Assuming this is correct, you'd:
Get the indices of your data that are the support vectors
Get their weights (alphas)
Calculate W
kernlab stores the support vector indices and their values in a list (so it works on multiclass problems, too), anyway any use of list manipulation is just to get at the real data (you'll see that the length of the lists returned by alpha and alphaindex are just 1 if you just have a 2-class problem, which I'm assuming you do).

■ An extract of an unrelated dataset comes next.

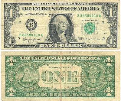 Esaminando il dollaro, l’attenzione si focalizza subito sull’effige del primo Presidente degli Stati Uniti d’America, George Washington. Eletto alla presidenza nel 1789, supervisore dei lavori di costruzione della Casa Bianca (sede ufficiale del Presidente in carica), Washington, in occasione della cerimonia ufficiale di insediamento, fece il suo solenne giuramento sulla sacra Bibbia di proprietà della loggia massonica St. John N°1 di New York.

my.model <- ksvm(result ~ f1+f2+f3, data=gold, kernel="vanilladot", type="C-svc")
alpha.idxs <- alphaindex(my.model)[[1]] # Indices of SVs in original data
alphas <- alpha(my.model)[[1]]
y.sv <- gold$result[alpha.idxs]
# for unscaled data
sv.matrix <- as.matrix(gold[alpha.idxs, c('f1', 'f2', 'f3')])
weight.vector <- (y.sv * alphas) %*% sv.matrix
bias <- b(my.model)
kernlab actually scales your data first before doing its thing. You can get the (scaled) weights like so (where, I guess, the bias should be 0(?))
weight.vector <- (y.sv * alphas) %*% xmatrix(my.model)[[1]]
If I understood your question, this should get you what you're after.